→ Study material
--- START ---

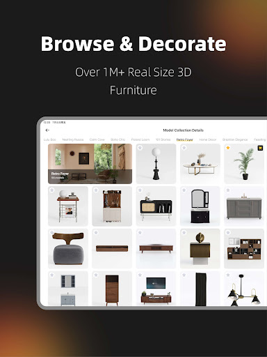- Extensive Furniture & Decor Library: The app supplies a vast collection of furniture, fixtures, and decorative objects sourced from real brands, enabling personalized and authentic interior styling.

--- END ---
--- START ---

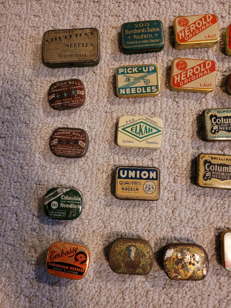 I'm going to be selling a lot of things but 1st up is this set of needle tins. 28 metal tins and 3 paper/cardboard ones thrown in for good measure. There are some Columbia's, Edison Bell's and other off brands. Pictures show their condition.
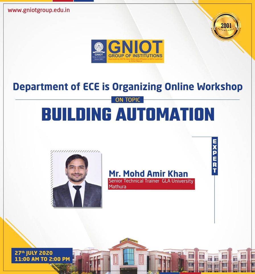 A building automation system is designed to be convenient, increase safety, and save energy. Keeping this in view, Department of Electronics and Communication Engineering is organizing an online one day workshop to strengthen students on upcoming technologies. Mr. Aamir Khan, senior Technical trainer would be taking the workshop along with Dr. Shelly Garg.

--- END ---

→ About this exercise
Transcribe, word for word, the lines of the listing above from the one that contains "I'm going to" through the one that contains "A building automation", keeping both ends and dropping the pictures.

→ Solution to this problem
 I'm going to be selling a lot of things but 1st up is this set of needle tins. 28 metal tins and 3 paper/cardboard ones thrown in for good measure. There are some Columbia's, Edison Bell's and other off brands. Pictures show their condition.
 A building automation system is designed to be convenient, increase safety, and save energy. Keeping this in view, Department of Electronics and Communication Engineering is organizing an online one day workshop to strengthen students on upcoming technologies. Mr. Aamir Khan, senior Technical trainer would be taking the workshop along with Dr. Shelly Garg.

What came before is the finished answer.